- Opening Delimiter -

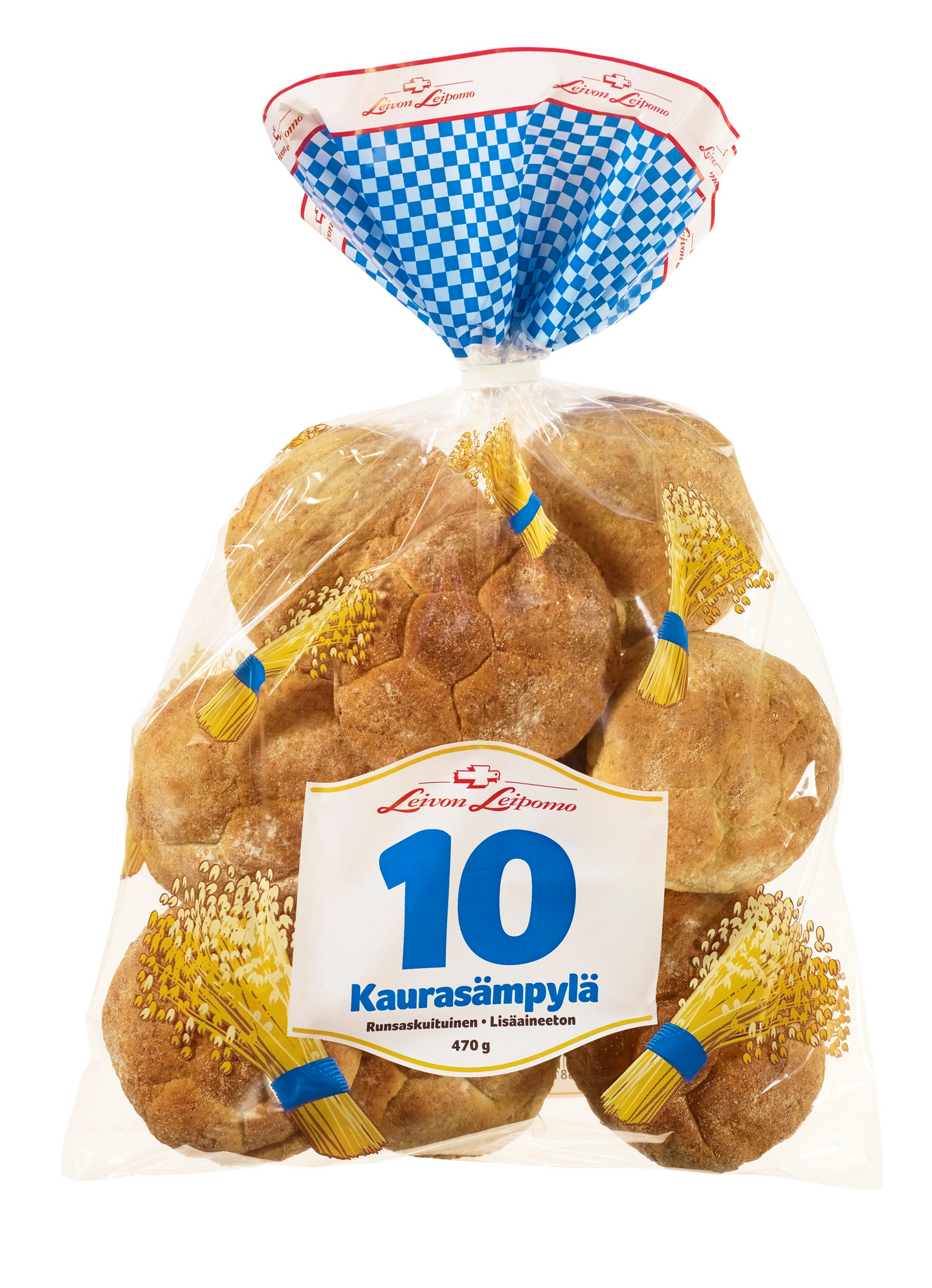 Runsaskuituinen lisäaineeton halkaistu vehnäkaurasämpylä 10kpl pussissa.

- Closing Delimiter -
- Opening Delimiter -

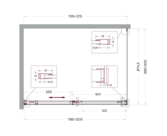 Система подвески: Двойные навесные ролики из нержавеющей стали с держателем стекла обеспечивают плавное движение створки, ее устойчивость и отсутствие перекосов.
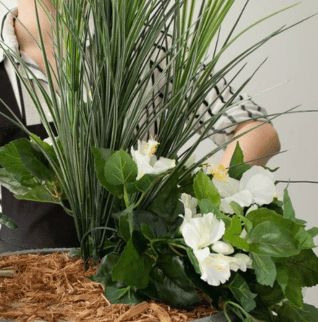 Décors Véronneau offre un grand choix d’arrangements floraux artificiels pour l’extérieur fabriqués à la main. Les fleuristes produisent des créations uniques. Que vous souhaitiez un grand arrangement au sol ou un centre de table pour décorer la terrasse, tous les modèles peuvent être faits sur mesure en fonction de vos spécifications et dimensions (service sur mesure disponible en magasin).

- Closing Delimiter -

> [Exercise goal]: Copy everything above from the line holding "Система подвески: Двойные" down to the line holding "Décors Véronneau offre", both ends included, exactly as it stands and without the pictures.

> [Output]:
 Система подвески: Двойные навесные ролики из нержавеющей стали с держателем стекла обеспечивают плавное движение створки, ее устойчивость и отсутствие перекосов.
 Décors Véronneau offre un grand choix d’arrangements floraux artificiels pour l’extérieur fabriqués à la main. Les fleuristes produisent des créations uniques. Que vous souhaitiez un grand arrangement au sol ou un centre de table pour décorer la terrasse, tous les modèles peuvent être faits sur mesure en fonction de vos spécifications et dimensions (service sur mesure disponible en magasin).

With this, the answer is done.